2

This part of code works fine and builds the dictionary fine.

#!/usr/bin/env python
#-*- coding: utf-8 -*-

import collections
from operator import itemgetter

S_eng = "Hindi constitutional form in India first"
S_hindi = "हिन्दी संवैधानिक रूप से भारत की प्रथम "
word_count = collections.defaultdict( dict )
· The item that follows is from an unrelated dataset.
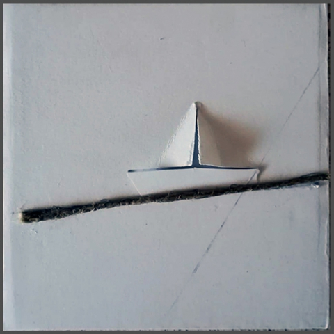 Volare in profondità 2018 Legno, smalto, polipropilene Cm 15x11x3,6 – opera donata

for st in S_eng .split(" "):
    for st_1 in S_hindi.split(" "):
        print type(st), type(st_1)
        word_count[st][st_1] = 1

print word_count

But when I try to read a file having English and Hindi sentences and trying to create a dictionary the below happens

#!/usr/bin/env python
#-*- coding: utf-8 -*-

P = defaultdict(dict)
i = "your"
j = "अपने" 

if(P[i][j] >= 0):
    P[i][j] += 1

else:
    P[i][j] = 0

print P

This gives error as:

Traceback (most recent call last):
  File "lerxical_probab.py", line 31, in <module>
    if(P[i][j] >= 0):
KeyError: '\xe0\xa4\x85\xe0\xa4\xaa\xe0\xa4\xa8\xe0\xa5\x87'

I checked the types of i and j too both are 'str' only. Can someone please help in this matter?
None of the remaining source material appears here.